### Directions for this task
Please return exactly the lines from the top of the data through the line that contains "For DADB, the", and skip all pictures.

### Supplied data
....
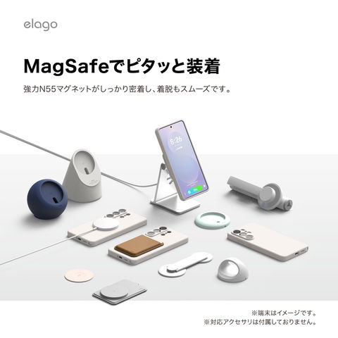 マグネット対応の充電器・アクセサリにしっかり装着。規格に準じたワイヤレス充電がスムーズに行えます。
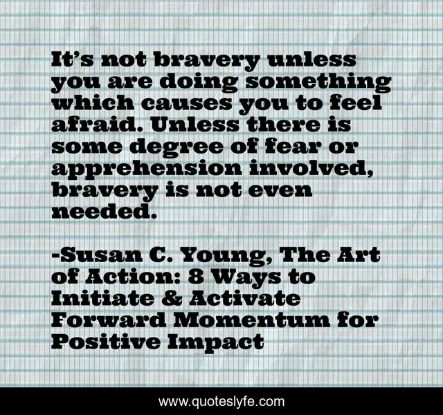 "Susan C. Young, The Art of Action: 8 Ways to Initiate & Activate Forward Momentum for Positive Impact Quotes." Quoteslyfe.com, 2025. Fri. 05 Dec. 2025. <https://www.quoteslyfe.com/quote/It-s-not-bravery-unless-you-are-233477>.
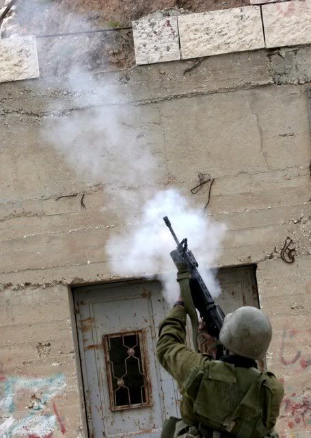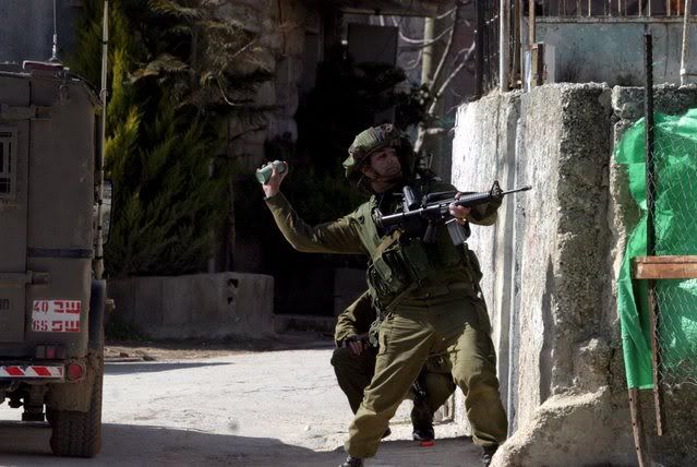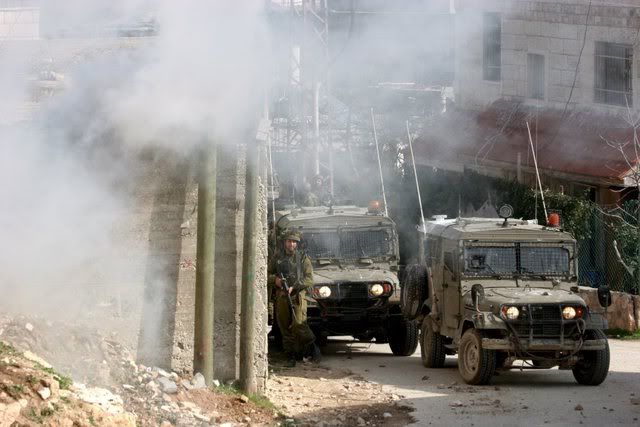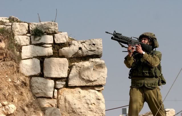 Israeli soldiers pictured during clashes in Village Beit Omar in the West Bank city of Hebron, 25 January 2008. Israeli troops reportedly fired at residents after they hurled rocks at troops, killing a teenager
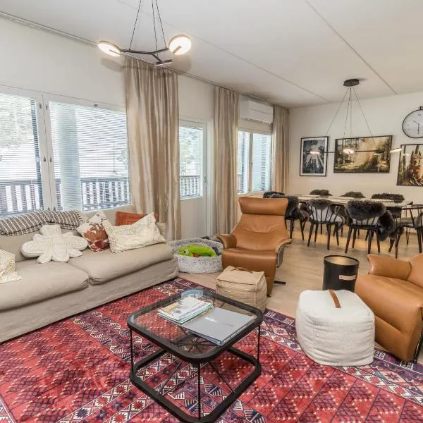 Rukatunturi 8坐落于鲁卡。这家住宿的客人可以使用阳台、免费私人停车位和免费WiFi。 这家度假屋配有3间卧室、起居室、带冰箱和咖啡机的设施齐全的厨房以及2间带淋浴设施的浴室。这家度假屋也配有休息区和2间浴室。 这家度假屋提供桑拿房。住宿内部提供滑雪设备存放处。客人可以在Rukatunturi 8附近体验滑雪。 库萨莫机场距离住宿有26公里。
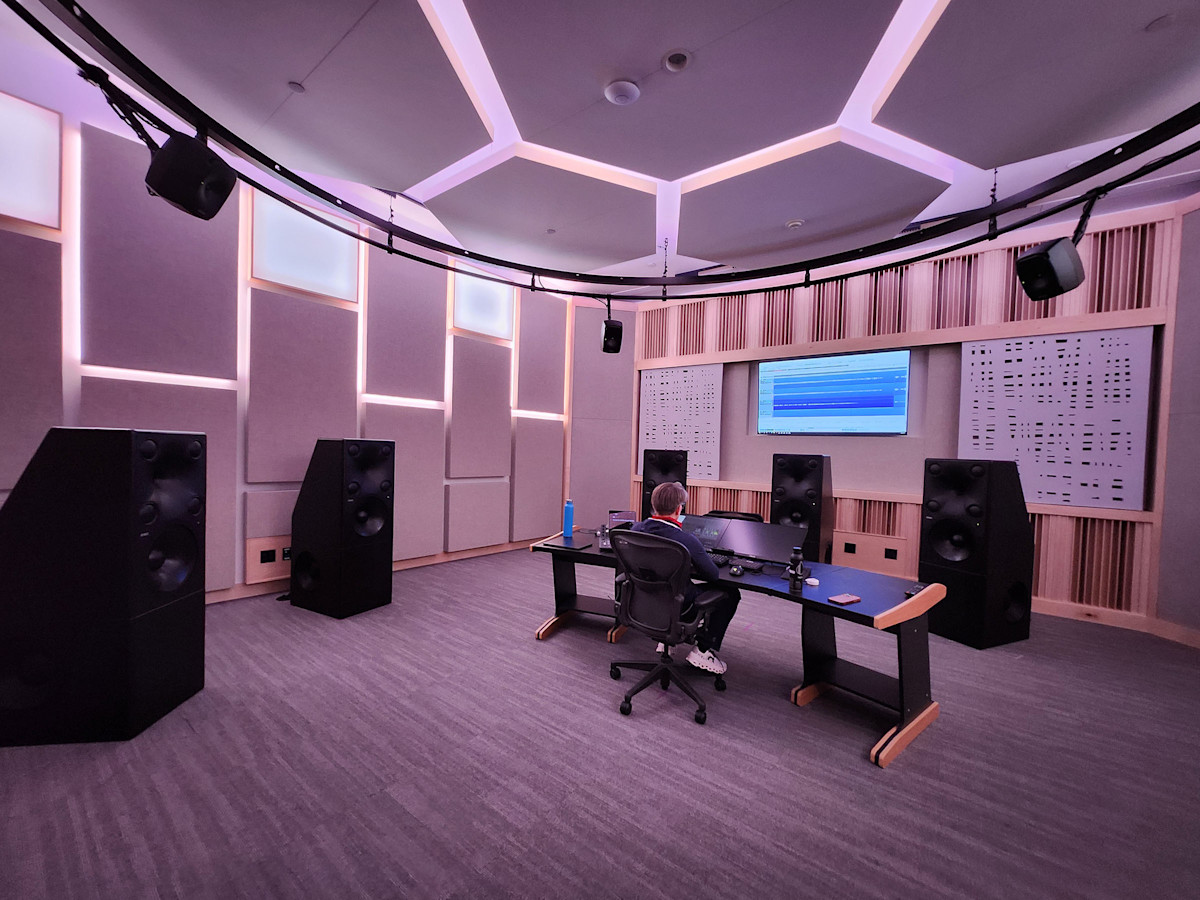 At the heart of the campus is the Olivier Music Barn, a 140-seat concert hall designed for warmth and connection. Outfitted with an Avid S6 console and a 7.1.4 Genelec system featuring seven 8351B Smart Active Monitors for LCR, side and rear surrounds, four 8240A height channels and a 7270A subwoofer, the control room handles both live concert recording and post-production. Audio is captured simultaneously in DXD 384 kHz via Merging Technologies Pyramix and Pro Tools 96 kHz (as a backup), preserving ultra-high-resolution masters of every performance.
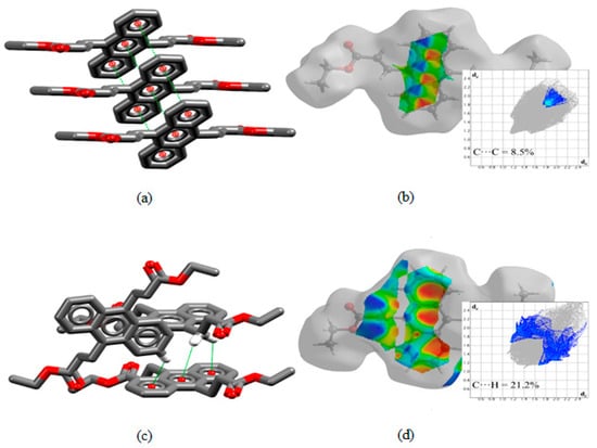 For DADB, the carbonyl group often assists in aggregation via two weak C–H O interactions. These interactions are responsible for assembling the acrylate groups as follows: the first one [C11–H11 ⋯ O2i; d(D-H) = 0.970 Å; d(D-A) = 3.137 Å; d(HA) = 2.777 Å; = 102.69°] gives rise to a 1D zigzag chain with C(13) motif, represented by the color green in Figure 6a. Then, the second one [C11i–H11i O2; same geometric parameters of C11–H11 O2i] forms a complementary 1D chain, also with C(13) motif that connects two green chains as a layer almost parallel to ( 0 3), represented by the color blue in Figure 6b,c. The crystal packing of DEADP is like that of DADB, since it is stabilized by two C–H O interactions. The first interaction [C5–H5 O1i; d (D-H) = 0.931 Å; d (D-A) = 3.541 Å; d (H⋯A) = 2.641 Å; ∡ = 162.74°] forms a chain along the c axis, while the second interaction [C5i–H5i O1; d (D-H) = 0.931 Å; d (D-A) = 3.541 Å; d (H⋯A) = 2.641 Å; ∡ = 162.74°] links these chains to form a layer parallel to (100).
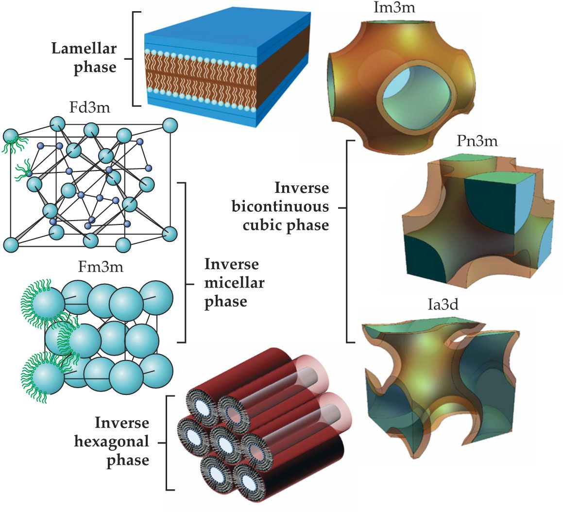 The bicontinuous cubic phases are composed of two sets of water channels separated by curved bilayers in the 3D space such that every point on the bilayer midplane surface is a saddle point with a zero-mean curvature. 2 Those bilayers encompass a system of aqueous channels and form structured yet flexible networks that are nonbirefringent and optically transparent. Specifically, lipid molecules in bicontinuous cubic phases form a highly curved continuous bilayer that separates the two interpenetrating but nonintersecting aqueous channel networks. The structures can display a double gyroid (Ia3d, with threefold connectivity of aqueous channels), double diamond (Pn3m, with fourfold connectivity), and primitive (Im3m, with sixfold connectivity) symmetry. 3 Finally, the inverse micellar phase comprises spheroidal micelles arranged in Fd3m or Fm3m symmetry, or in a disordered state L2. Most lipids do not show those phases in pure water and need oil-based components, such as oleic acid or limonene, to form the micellar cubic phase.
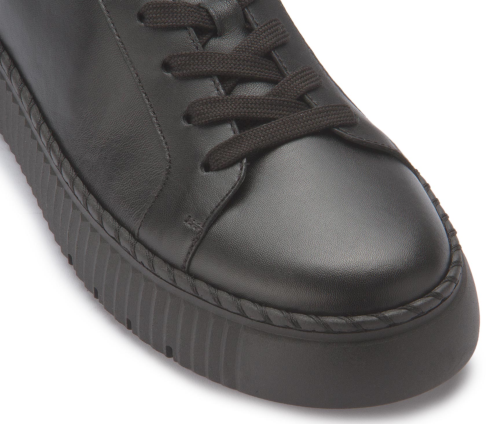Schlicht, modern und vielseitig kombinierbar – dieser schwarze Sneaker überzeugt mit seinem cleanen Design. Das glatte Leder verleiht ihm eine edle Optik, während die markante Plateausohle für einen trendigen Look sorgt. Die dezente Ziernaht rundum setzt ein stilvolles Detail. Dank der bequemen Passform ist er der perfekte Begleiter für Alltag und Freizeit
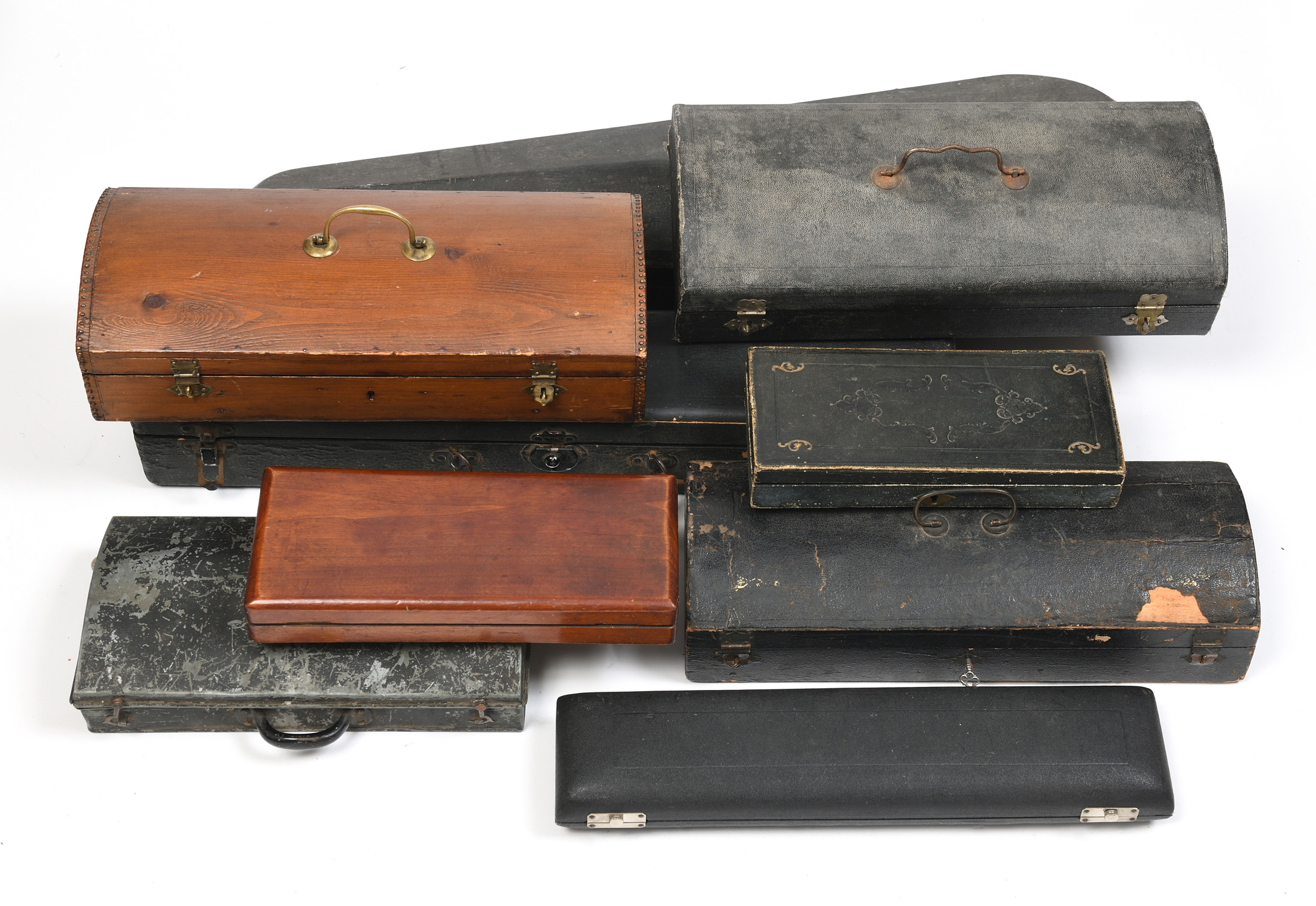 Important lot de boites anciennes, étuis, d'instruments à vent. Clarinettes, flutes... En l'état.
....
### Answer to this task
 マグネット対応の充電器・アクセサリにしっかり装着。規格に準じたワイヤレス充電がスムーズに行えます。
 "Susan C. Young, The Art of Action: 8 Ways to Initiate & Activate Forward Momentum for Positive Impact Quotes." Quoteslyfe.com, 2025. Fri. 05 Dec. 2025. <https://www.quoteslyfe.com/quote/It-s-not-bravery-unless-you-are-233477>.
 Israeli soldiers pictured during clashes in Village Beit Omar in the West Bank city of Hebron, 25 January 2008. Israeli troops reportedly fired at residents after they hurled rocks at troops, killing a teenager
 Rukatunturi 8坐落于鲁卡。这家住宿的客人可以使用阳台、免费私人停车位和免费WiFi。 这家度假屋配有3间卧室、起居室、带冰箱和咖啡机的设施齐全的厨房以及2间带淋浴设施的浴室。这家度假屋也配有休息区和2间浴室。 这家度假屋提供桑拿房。住宿内部提供滑雪设备存放处。客人可以在Rukatunturi 8附近体验滑雪。 库萨莫机场距离住宿有26公里。
 At the heart of the campus is the Olivier Music Barn, a 140-seat concert hall designed for warmth and connection. Outfitted with an Avid S6 console and a 7.1.4 Genelec system featuring seven 8351B Smart Active Monitors for LCR, side and rear surrounds, four 8240A height channels and a 7270A subwoofer, the control room handles both live concert recording and post-production. Audio is captured simultaneously in DXD 384 kHz via Merging Technologies Pyramix and Pro Tools 96 kHz (as a backup), preserving ultra-high-resolution masters of every performance.
 For DADB, the carbonyl group often assists in aggregation via two weak C–H O interactions. These interactions are responsible for assembling the acrylate groups as follows: the first one [C11–H11 ⋯ O2i; d(D-H) = 0.970 Å; d(D-A) = 3.137 Å; d(HA) = 2.777 Å; = 102.69°] gives rise to a 1D zigzag chain with C(13) motif, represented by the color green in Figure 6a. Then, the second one [C11i–H11i O2; same geometric parameters of C11–H11 O2i] forms a complementary 1D chain, also with C(13) motif that connects two green chains as a layer almost parallel to ( 0 3), represented by the color blue in Figure 6b,c. The crystal packing of DEADP is like that of DADB, since it is stabilized by two C–H O interactions. The first interaction [C5–H5 O1i; d (D-H) = 0.931 Å; d (D-A) = 3.541 Å; d (H⋯A) = 2.641 Å; ∡ = 162.74°] forms a chain along the c axis, while the second interaction [C5i–H5i O1; d (D-H) = 0.931 Å; d (D-A) = 3.541 Å; d (H⋯A) = 2.641 Å; ∡ = 162.74°] links these chains to form a layer parallel to (100).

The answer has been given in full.